La ricerca della felicità

Basta leggere questa frase e il pensiero corre lì: al film con Will Smith e a quella storia intensa e commovente in cui un padre non si arrende, continuando a credere in un futuro migliore anche quando tutto sembra andare nella direzione opposta.

Eppure, questa frase non appartiene solo al cinema. Appartiene anche ad un’azienda.
A Laica, la fabbrica del cioccolato.

Abbiamo incontrato il team Laica venerdì scorso nella loro sede di Arona sulle sponde del lago Maggiore, in occasione di una giornata di team building trascorsa insieme ai nostri amici e partner di CreatePR.

Una giornata in cui ci siamo lasciati guidare dalla squisita accoglienza e professionalità di Fabio Saini AD di Laica, Maura Bosi Responsabile R&D e Valentina Gioia HR Manager, tra aromi e sapori, degustazioni di fondenti memorabili e visita ai reparti di produzione e confezionamento.

Ma non solo.
Da questa esperienza siamo usciti con risposte, nuove curiosità e un interrogativo rimasto aperto più di tutti: cos’è la felicità?

MCI Brand Appeal | La ricerca della felicità
MCI Brand Appeal | La ricerca della felicità

La ricerca della felicità è una domanda che cambia forma nel tempo.
Per qualcuno è libertà, equilibrio, salute. Per altri è tempo, pace, cambiamento.

Per altri ancora ha il volto della famiglia, o il senso profondo di sentirsi parte di qualcosa che mette davvero al centro le persone.

E invece, sorprendentemente, anche lì può accadere qualcosa.

La felicità, più che un traguardo, somiglia a un percorso. A una ricerca fatta di tentativi, cadute, intuizioni, bisogno di riconoscere un senso in ciò che facciamo ogni giorno.

Come il lavoro.
E non si pensi solo al lavoro desiderato, creativo o appagante, ma anche a quello più duro, ripetitivo, faticoso. Quello che, visto da fuori, sembrerebbe molto lontano dall’idea di realizzazione.

E invece, sorprendentemente, anche lì può accadere qualcosa.

Accade quando una persona non è solo una presenza dentro un turno, una mansione, un risultato, ma qualcuno da ascoltare e valorizzare. Quando può partecipare, esprimersi, sentire che la propria voce ha un peso e che il proprio contributo lascia un segno. Quando non è semplicemente vista ma guardata.

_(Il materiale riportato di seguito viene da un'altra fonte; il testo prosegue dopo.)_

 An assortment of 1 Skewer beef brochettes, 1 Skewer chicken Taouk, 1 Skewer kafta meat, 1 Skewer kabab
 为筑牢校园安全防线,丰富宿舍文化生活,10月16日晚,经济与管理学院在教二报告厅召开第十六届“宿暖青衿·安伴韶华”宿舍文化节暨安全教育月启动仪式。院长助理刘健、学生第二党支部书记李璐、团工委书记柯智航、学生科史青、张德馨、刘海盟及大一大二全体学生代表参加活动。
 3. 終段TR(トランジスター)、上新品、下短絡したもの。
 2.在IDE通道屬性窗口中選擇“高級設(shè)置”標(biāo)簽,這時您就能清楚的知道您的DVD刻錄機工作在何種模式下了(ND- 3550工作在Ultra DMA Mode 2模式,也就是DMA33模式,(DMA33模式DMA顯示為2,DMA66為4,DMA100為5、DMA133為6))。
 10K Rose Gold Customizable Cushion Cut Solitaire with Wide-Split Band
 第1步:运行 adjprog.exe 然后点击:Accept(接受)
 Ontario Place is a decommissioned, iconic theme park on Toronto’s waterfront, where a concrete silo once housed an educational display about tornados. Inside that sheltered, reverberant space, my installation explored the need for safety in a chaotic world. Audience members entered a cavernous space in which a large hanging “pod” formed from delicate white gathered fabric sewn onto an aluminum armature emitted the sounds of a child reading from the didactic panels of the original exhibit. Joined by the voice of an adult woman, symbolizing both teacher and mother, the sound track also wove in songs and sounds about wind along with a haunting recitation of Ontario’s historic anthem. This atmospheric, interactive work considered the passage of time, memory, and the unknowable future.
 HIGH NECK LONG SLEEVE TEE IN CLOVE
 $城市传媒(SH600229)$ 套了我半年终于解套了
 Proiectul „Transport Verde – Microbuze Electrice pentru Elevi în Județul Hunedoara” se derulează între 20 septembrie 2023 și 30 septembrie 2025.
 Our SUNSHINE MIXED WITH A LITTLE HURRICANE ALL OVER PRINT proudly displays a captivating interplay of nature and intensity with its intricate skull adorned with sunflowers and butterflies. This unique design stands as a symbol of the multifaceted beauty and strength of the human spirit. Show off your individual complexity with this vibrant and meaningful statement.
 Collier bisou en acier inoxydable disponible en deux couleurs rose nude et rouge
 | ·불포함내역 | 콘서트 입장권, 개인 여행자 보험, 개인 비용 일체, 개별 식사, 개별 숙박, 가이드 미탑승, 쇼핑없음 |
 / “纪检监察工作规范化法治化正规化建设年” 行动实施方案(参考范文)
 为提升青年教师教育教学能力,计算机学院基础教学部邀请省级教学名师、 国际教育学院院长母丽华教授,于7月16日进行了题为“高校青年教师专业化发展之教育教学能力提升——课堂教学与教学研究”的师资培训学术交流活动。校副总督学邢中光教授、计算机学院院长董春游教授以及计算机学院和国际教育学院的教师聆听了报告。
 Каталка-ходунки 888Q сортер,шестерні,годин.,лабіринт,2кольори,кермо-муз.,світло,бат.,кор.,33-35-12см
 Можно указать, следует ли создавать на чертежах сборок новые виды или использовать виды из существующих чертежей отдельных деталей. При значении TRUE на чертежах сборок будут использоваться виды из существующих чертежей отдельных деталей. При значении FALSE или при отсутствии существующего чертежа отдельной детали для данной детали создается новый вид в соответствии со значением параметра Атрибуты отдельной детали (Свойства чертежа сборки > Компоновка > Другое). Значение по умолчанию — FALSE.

Allora lì il lavoro smette di essere solo dovere.
Può diventare relazione, appartenenza, possibilità.
Può diventare uno spazio in cui ritrovare dignità, desiderio, persino sogno.
Grazie Laica per avercelo ricordato!
Perché, in fondo, la ricerca della felicità non parla solo di una bella storia o di una visione aziendale illuminata.

Parla di ciascuno di noi.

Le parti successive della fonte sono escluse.